Print the entries below word for word; the pictures stay out of your copy.

---------- Excerpted data

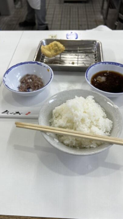 締めご飯はCLお気に入りの福岡空港前「ひらお」で揚げたて天ぷらとイカの塩辛(おかわり自由)で満腹。
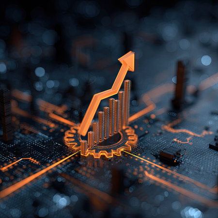 An artistic representation features an illuminated orange growth chart against a dark, textured background. The image presents a conceptual depiction, using vibrant orange light, emphasizing a sense of progress and innovation. Suitable for use in financial, technological, or business publications, the illustration is designed with a modern aesthetic.
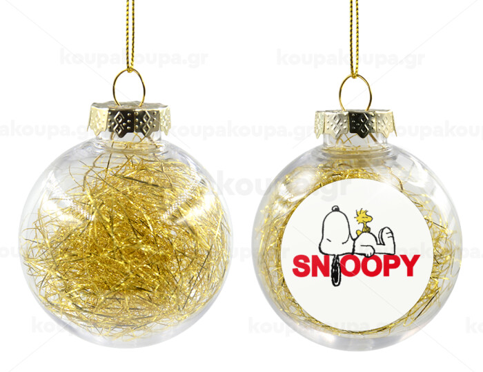 Snoopy sleep, Transparent Christmas tree ball ornament with gold filling 8cm
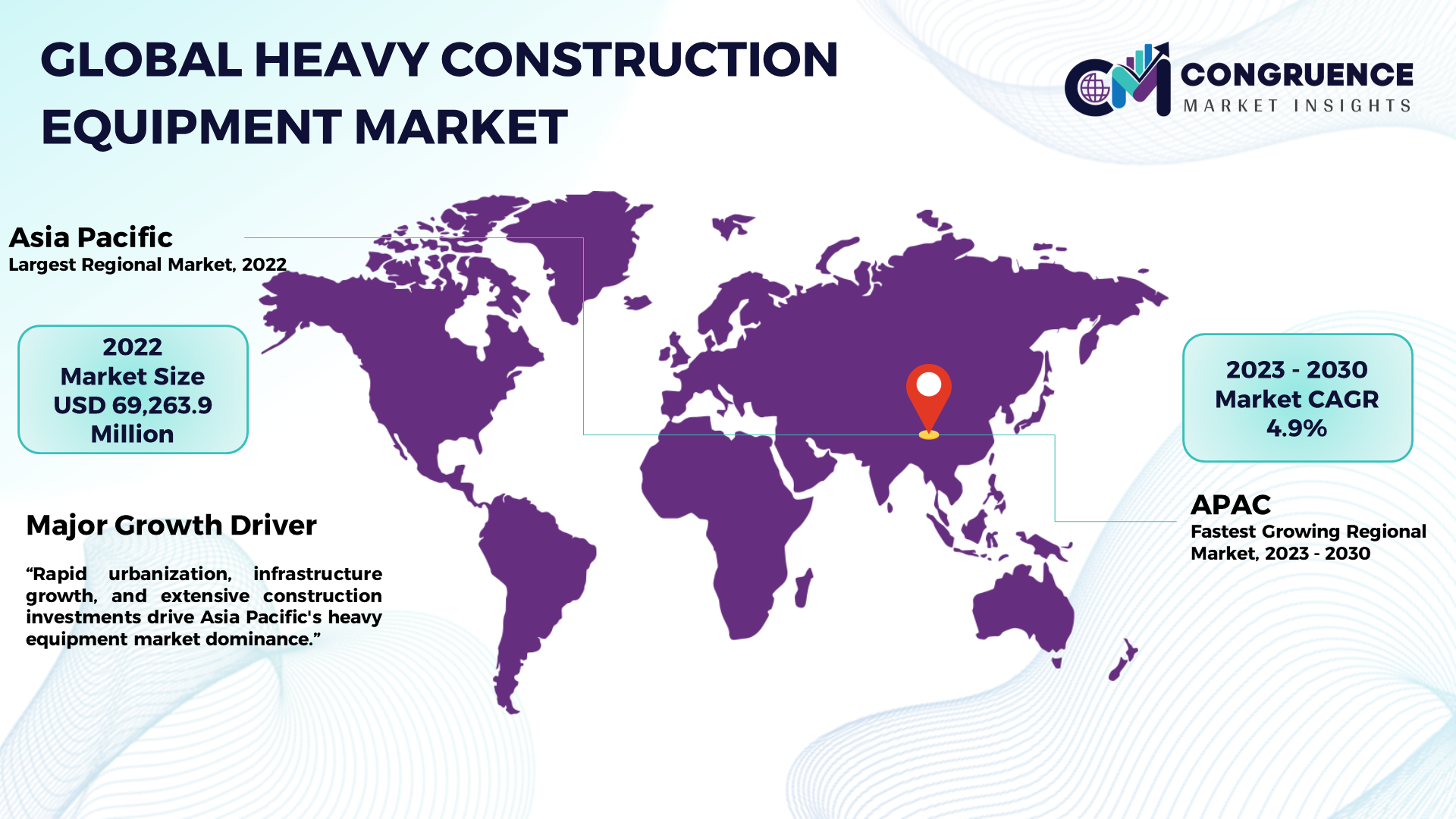 Asia Pacific holds a dominant position in the heavy construction market. The growth in this region is driven by the growing population in major countries such as India and China. Due to rapid urbanization and strong economic growth people seeking higher living standards which creates a strong demand for residential construction projects. Asia Pacific is currently undergoing a rapid urbanization process, witnessing a large population relocating from rural to urban areas which creates a demand for residential and commercial spaces. Europe is the second-largest market for heavy construction equipment. In Europe, the demand is driven by stringent carbon emission regulations. In addition, manufacturers are actively innovating their equipment for more fuel-efficient and improved performance in the region. In North America, the market is characterized by infrastructure development with the mature country of the United States. The increasing demand for automated and sustainable equipment drives the market growth in this region. The Middle East and Africa have been witnessing a significant demand for heavy construction equipment. The demand is driven by increasing construction activities, urbanization and the mining industry.
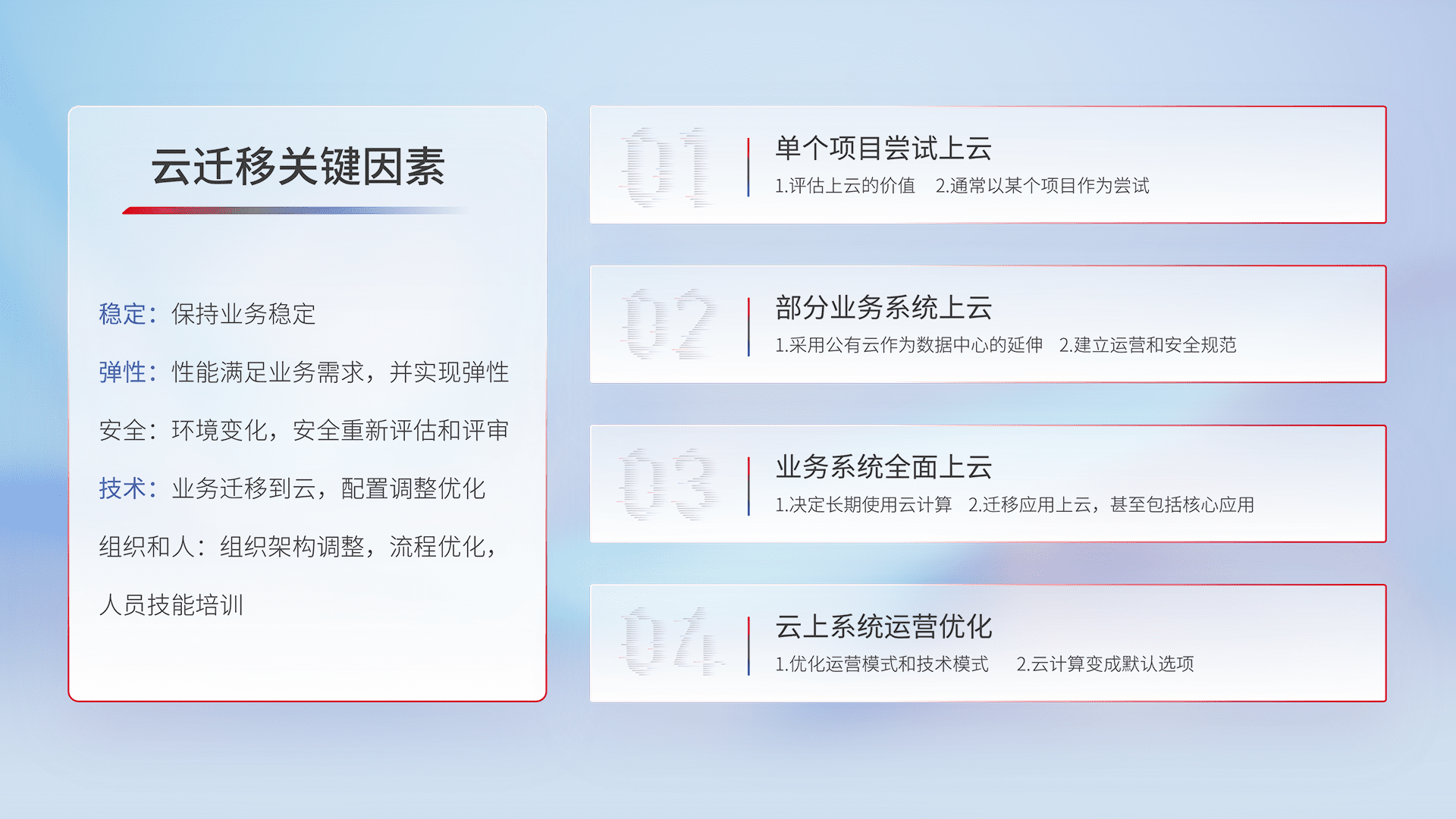 结合实际业务,,从规划设计、、、、云平台选型、、云原生改造、、、、数据迁移、、、、集成交付,,,,迁移全过程为客户识别最佳上云路径,,做好风险识别管理,,,设计网络架构、、、身份权限、、、、安全审计合规、、、操作审计、、、日志审计、、监控告警策略、、多站点容灾设计等,,,,对云上基础设施进行整体规划,,提升IT治理水平,,,,以满足弹性、、高可用、、、、高性能的需求。。。。
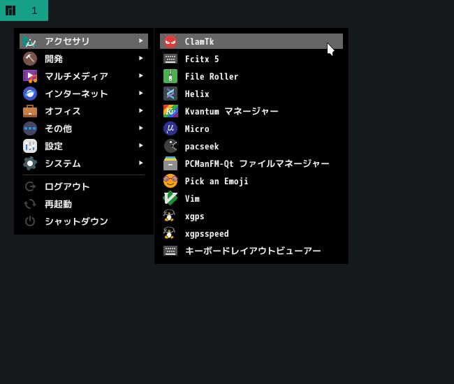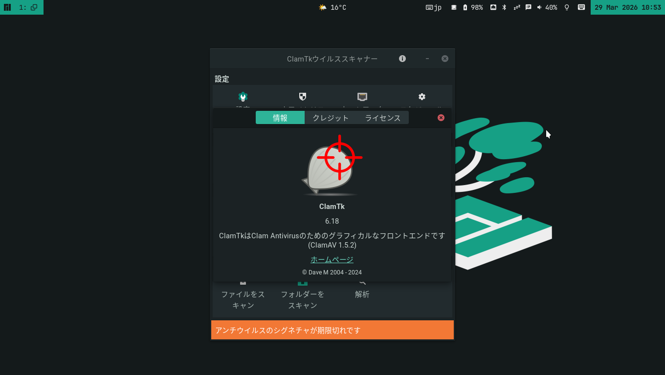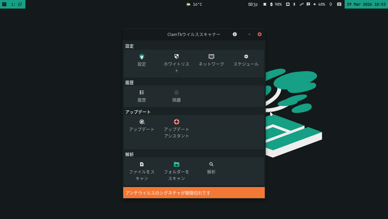 1. 概要 アンチウイルスソフトとして、「ClamTk」を使用します。 2. インストール 「root」ユーザ権限で。 yes | pacman -S clamtk 3. 起動 「スタート」→「アクセサリ」→「ClamTk」
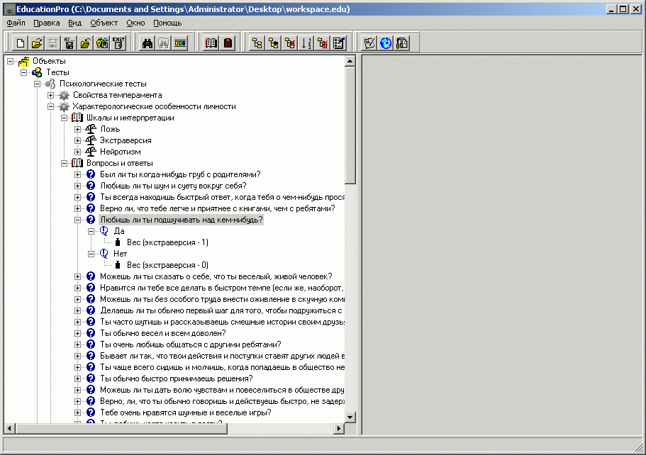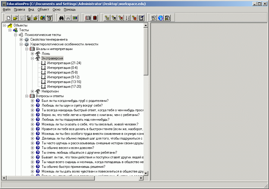 В главном окне представлен набор инструментов, отображающих упорядоченные социометрические объекты на левой панели. Правая сторона позволяет открыть детальное представление различных социометрических аспектов пройденного тестирования. Это означает, что все, что вам нужно, это всего лишь выбрать объект слева и затем открыть любое из доступных представлений этого или иного объекта справа. При работе с представлениями вы можете открыть множество из них для отображения презентаций нескольких объектов, что может быть крайне удобно при их сравнении друг с другом.
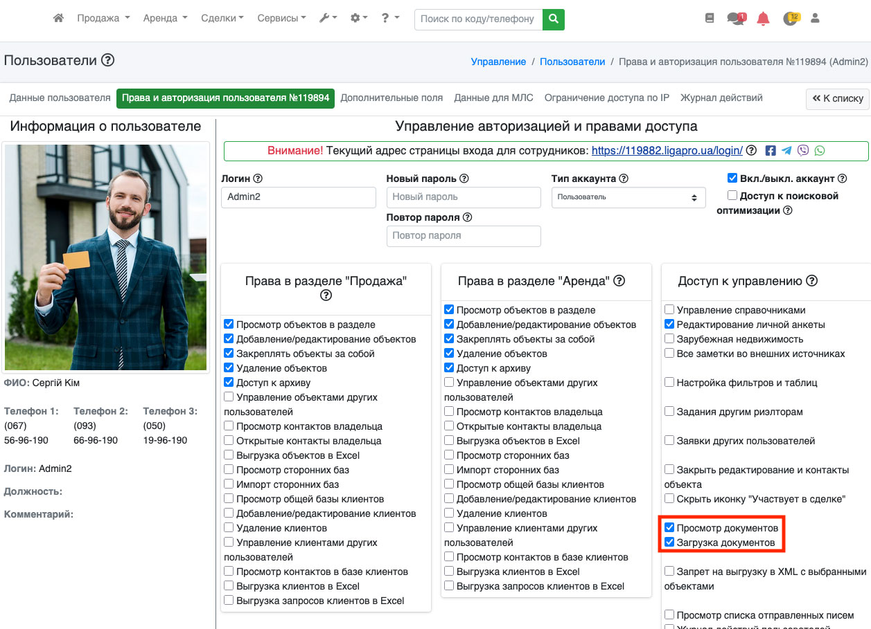 Для кожного користувача Ви можете призначити права доступу до документів (перегляд документів і завантаження документів) в розділі «Управління-Користувачі» для того, щоб користувач міг переглядати або завантажувати файли (див. Пункт Користувачі) (Рис. 300).
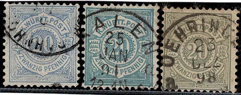 ◉ Wurttemberg – 47a, 47b e 47c – As 3 cores. A cara, com minimo claro – 273 Euros.

--------------------

• _Solution below_
 締めご飯はCLお気に入りの福岡空港前「ひらお」で揚げたて天ぷらとイカの塩辛(おかわり自由)で満腹。
 An artistic representation features an illuminated orange growth chart against a dark, textured background. The image presents a conceptual depiction, using vibrant orange light, emphasizing a sense of progress and innovation. Suitable for use in financial, technological, or business publications, the illustration is designed with a modern aesthetic.
 Snoopy sleep, Transparent Christmas tree ball ornament with gold filling 8cm
 Asia Pacific holds a dominant position in the heavy construction market. The growth in this region is driven by the growing population in major countries such as India and China. Due to rapid urbanization and strong economic growth people seeking higher living standards which creates a strong demand for residential construction projects. Asia Pacific is currently undergoing a rapid urbanization process, witnessing a large population relocating from rural to urban areas which creates a demand for residential and commercial spaces. Europe is the second-largest market for heavy construction equipment. In Europe, the demand is driven by stringent carbon emission regulations. In addition, manufacturers are actively innovating their equipment for more fuel-efficient and improved performance in the region. In North America, the market is characterized by infrastructure development with the mature country of the United States. The increasing demand for automated and sustainable equipment drives the market growth in this region. The Middle East and Africa have been witnessing a significant demand for heavy construction equipment. The demand is driven by increasing construction activities, urbanization and the mining industry.
 结合实际业务,,从规划设计、、、、云平台选型、、云原生改造、、、、数据迁移、、、、集成交付,,,,迁移全过程为客户识别最佳上云路径,,做好风险识别管理,,,设计网络架构、、、身份权限、、、、安全审计合规、、、操作审计、、、日志审计、、监控告警策略、、多站点容灾设计等,,,,对云上基础设施进行整体规划,,提升IT治理水平,,,,以满足弹性、、高可用、、、、高性能的需求。。。。
 1. 概要 アンチウイルスソフトとして、「ClamTk」を使用します。 2. インストール 「root」ユーザ権限で。 yes | pacman -S clamtk 3. 起動 「スタート」→「アクセサリ」→「ClamTk」
 В главном окне представлен набор инструментов, отображающих упорядоченные социометрические объекты на левой панели. Правая сторона позволяет открыть детальное представление различных социометрических аспектов пройденного тестирования. Это означает, что все, что вам нужно, это всего лишь выбрать объект слева и затем открыть любое из доступных представлений этого или иного объекта справа. При работе с представлениями вы можете открыть множество из них для отображения презентаций нескольких объектов, что может быть крайне удобно при их сравнении друг с другом.
 Для кожного користувача Ви можете призначити права доступу до документів (перегляд документів і завантаження документів) в розділі «Управління-Користувачі» для того, щоб користувач міг переглядати або завантажувати файли (див. Пункт Користувачі) (Рис. 300).
 ◉ Wurttemberg – 47a, 47b e 47c – As 3 cores. A cara, com minimo claro – 273 Euros.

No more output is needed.